Eco-Pesa

ISO 4217
- Code: none

Unit
- Unit: Eco-Pesa, Pesa
- Symbol: /ep‎

Demographics
- Date of introduction: May 2010
- User(s): Kenya

Issuance
- Central bank: Grassroots Economics
- Website: grassrootseconomics.org

= Eco-Pesa =

Kenyan complementary currency

Eco-Pesa is the name of a Kenyan community currency, used to reduce poverty and support environmental conservation in a slums areas inside the Kongowea Location, Mombasa District, Kenya. Pesa is a Swahili word for money. Eco-Pesa's was in circulation for one year and was considered the pilot that resulted in the more sustainable Bangla-Pesa model of community currencies that have been duplicated in five communities in Kenya and two in South Africa.

==Issuance==
Residents could obtain Eco-Pesa through being part of a business network or participating in community events (such as trash collection days) or through local sales and services.

==Introduction==
Eco-Pesa were introduced by William O. Ruddick, May 2010 to three slum villages (or informal settlements) inside the Kongowea Location in Mombasa County, namely: Kisimu Ndogo, Shauri Yako and Mnazi Mmoja. Once registered, local businesses become part of a business Network. Once in this network, businesses are allowed to exchange their Eco-Pesa Voucher for Kenyan shillings backed by donor funds. They also receive business and environmental training. Businesses included but were not limited to general shops, pharmacies, health clinics, child care, haircuts, charcoal kiosks, produce sellers, poultry sellers, transportation providers, water sellers, and distributors. The Eco-Pesa themselves were security printed with several security features including: Visicoin printing, UV ink, security designed backgrounds and watermarked paper with UV fibers, as well as serial numbering.

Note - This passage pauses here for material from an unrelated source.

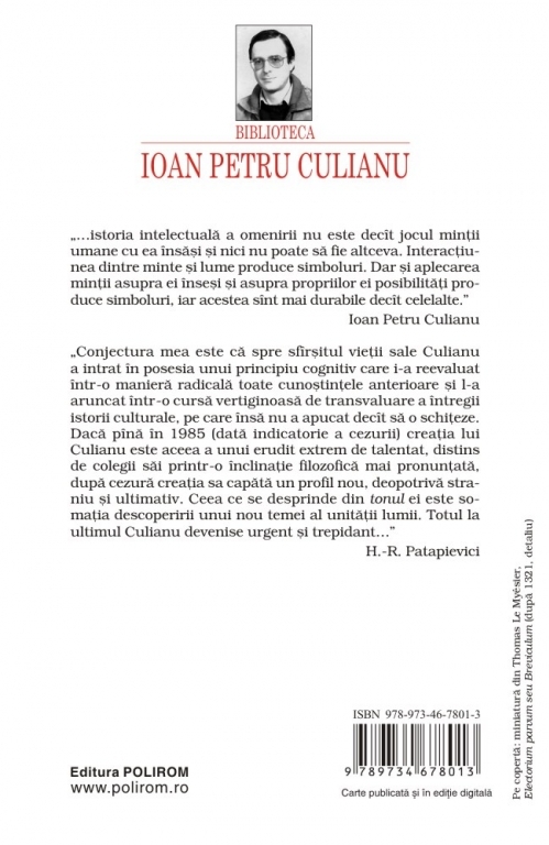 „Conjectura mea este că spre sfîrşitul vieţii sale Culianu a intrat în posesia unui principiu cognitiv care i-a reevaluat într-o manieră radicală toate cunoştinţele anterioare şi l-a aruncat într-o cursă vertiginoasă de transvaluare a întregii istorii culturale, pe care însă nu a apucat decît să o schiţeze. Dacă pînă în 1985 (dată indicatorie a cezurii) creaţia lui Culianu este aceea a unui erudit extrem de talentat, distins de colegii săi printr-o înclinaţie filozofică mai pronunţată, după cezură creaţia sa capătă un profil nou, deopotrivă straniu şi ultimativ. Ceea ce se desprinde din tonul ei este somaţia descoperirii unui nou temei al unităţii lumii. Totul la ultimul Culianu devenise urgent şi trepidant…” (H.-R. Patapievici)

The Eco-Pesa vouchers were available in 5/ep, 10/ep, and 20/ep denominations and depict local landmarks such as the Kengelele Bell, Nyali Beach and the Nayli Bridge.

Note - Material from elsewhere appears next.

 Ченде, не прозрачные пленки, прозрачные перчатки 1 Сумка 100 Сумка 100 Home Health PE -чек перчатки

The advantages of local currencies for the empowerment of women was demonstrated through this first phase of eco-pesa, as many women set up their own businesses with eco-pesa.

The first experiments were run under supervision by Koru while Mr. Ruddick also served as director of Green World Campaign's Kenya chapter in Mombasa. Eco-Pesa was originally developed with assistance from Green World Campaign and its founder and executive director, Marc Barasch.

==Post Eco-Pesa Pilot Expansion==
William O. Ruddick later founded Grassroots Economics Foundation and in 2013 developed the Bangla-Pesa model based on the results of Eco-Pesa, in the informal settlement of Bangladesh, Kenya. Grassroots Economics is working to employ mobile phone systems to trade community currency. The Bangla-Pesa uses a mutual credit model where there is no longer need for national currency or donor funds to keep it running.

Other currencies in Kenya that follow the Bangla-Pesa model include: Gatina-Pesa in Kawangware, Kangemi-Pesa in Kangemi, Lindi-Pesa in Kibera, Ng'ombeni-Pesa in Mikindani. K'Mali in Kokstad South Africa as well as Berg-Rand or BRAND in Bergrivier South Africa also follow a similar model.

All local currencies that emerged after the Eco-Pesa in Kenya (five in 2016) experience are now grouped under the label Sarafu-Credit, but they originally were issued under the supervision of an association named Koru Kenya, which does no longer exist.

== Allegation of forgery and Indiegogo online petition ==
On 29 May 2013, Will Ruddick was arrested with five other members of Koru Kenya, under the suspicion of forgery and being linked to the Mombasa Republican Council (MRC). The link to the MRC was dropped first, but the Central bank of Kenya filled in a charge for forgery.

An Indiegogo online petition was issued to gain support and financial assistance to the 6 arrested members of Koru Kenya. The petition managed to raise a total of 8835 euros.

The group was released very quickly and forgery but was released a few months later as the charges were never proved.